In summary, the log transformation was applied to address issues related to the scale and distribution of the data, making it more suitable for building and training machine learning models effectively.

### 6. Data Scaling

In [None]:
# Scaling your data
from sklearn.preprocessing import MinMaxScaler

# Initialize the Min-Max scaler
scaler = MinMaxScaler()

# Apply scaling to the selected columns
scaled_data = scaler.fit_transform(log_transformed_data)

In [None]:
# Assuming "scaled_data" is our NumPy array
# Create a DataFrame from the NumPy array
scaled_data = pd.DataFrame(scaled_data)

# Now, "scaled_data" is a Pandas DataFrame containing our data.
scaled_data.head()

##### Which method have you used to scale you data and why?

We used the **Min-Max scaling method** to scale our data. The Min-Max scaling, also known as normalization, transforms the data in such a way that it falls within a specific range, typically between **0 and 1.** This method was chosen for the following reasons:

**Interpretability:** Min-Max scaling preserves the relative differences in values, making it intuitive and easy to interpret. All features are transformed to a common scale, ensuring that no feature dominates others merely because of its initial scale.

**Maintains Data Distribution:** Min-Max scaling retains the distribution and relationships within the data while scaling it to a common range. This is particularly important when the original data distribution is non-Gaussian or when you want to preserve the shape of the data.

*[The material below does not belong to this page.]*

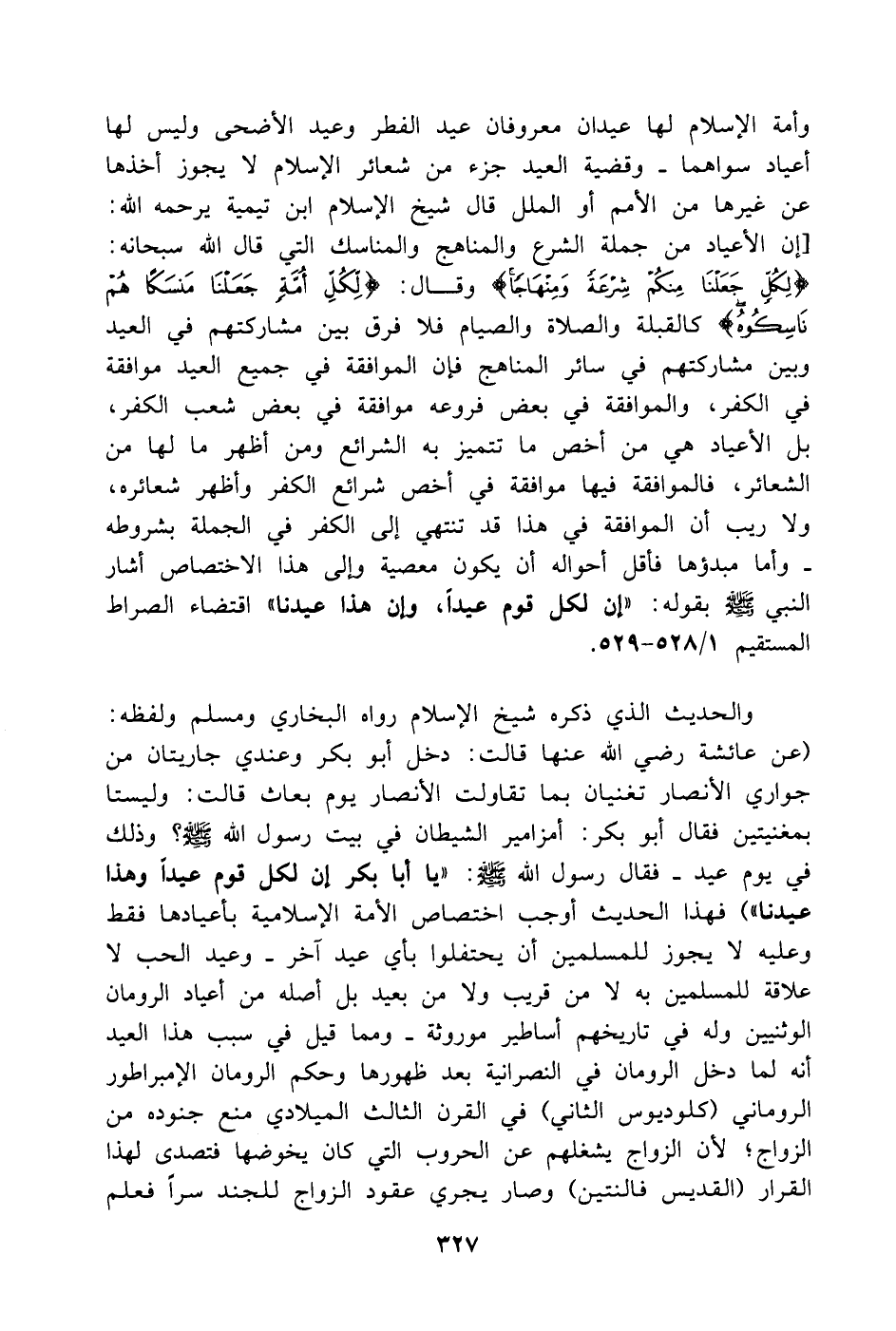 والحديث الذي ذكره شيخ الإسلام رواه البخاري ومسلم ولفظه: (عن عائشة رضي الله عنها قالت: دخل أبو بكر وعندي جاريتان من جواري الأنصار تغنيان بما تقاولت الأنصار يوم بعاث قالت: وليستا بمغنيتين فقال أبو بكر: أمزامير الشيطان في بيت رسول الله - صَلَّى اللهُ عَلَيْهِ وَسَلَّمَ -؟ وذلك في يوم عيد. فقال رسول الله - صَلَّى اللهُ عَلَيْهِ وَسَلَّمَ -: يا أبا بكر إن لكل قوم عيداً وهذا عيدنا) فهذا الحديث أوجب اختصاص الأمة الإسلامية بأعيادها فقط وعليه لا يجوز للمسلمين أن يحتفلوا بأي عيد آخر. وعيد الحب لا علاقة للمسلمين به لا من قريب ولا من بعيد بل أصله من أعياد الرومان الوثنيين وله في تاريخهم أساطير موروثة. ومما قيل في سبب هذا العيد أنه لما دخل الرومان في النصرانية بعد ظهورها وحكم الرومان الإمبراطور الروماني (كلوديوس الثاني) في القرن الثالث الميلادي منع جنوده من الزواج لأن الزواج يشغلهم عن الحروب التي كان يخوضها فتصدى لهذا القرار (القديس فالنتين) وصار يجري عقود الزواج للجند سراً فعلم

**Compatibility with Many Algorithms:** Many machine learning algorithms and models, especially those based on distance metrics (e.g., k-means clustering), perform better when the data is scaled within a specific range. Min-Max scaling is a popular choice for preprocessing data for these algorithms.

**Effective Handling of Outliers:** While Min-Max scaling does not eliminate outliers, it effectively scales them, ensuring that their impact on the data is reduced without removing them. This can be beneficial in situations where outliers are valuable information or cannot be discarded.

By applying Min-Max scaling, we ensured that our data was standardized and ready for use in machine learning algorithms, providing consistent and interpretable results across various features.

### 7. Dimesionality Reduction

##### Do you think that dimensionality reduction is needed? Explain Why?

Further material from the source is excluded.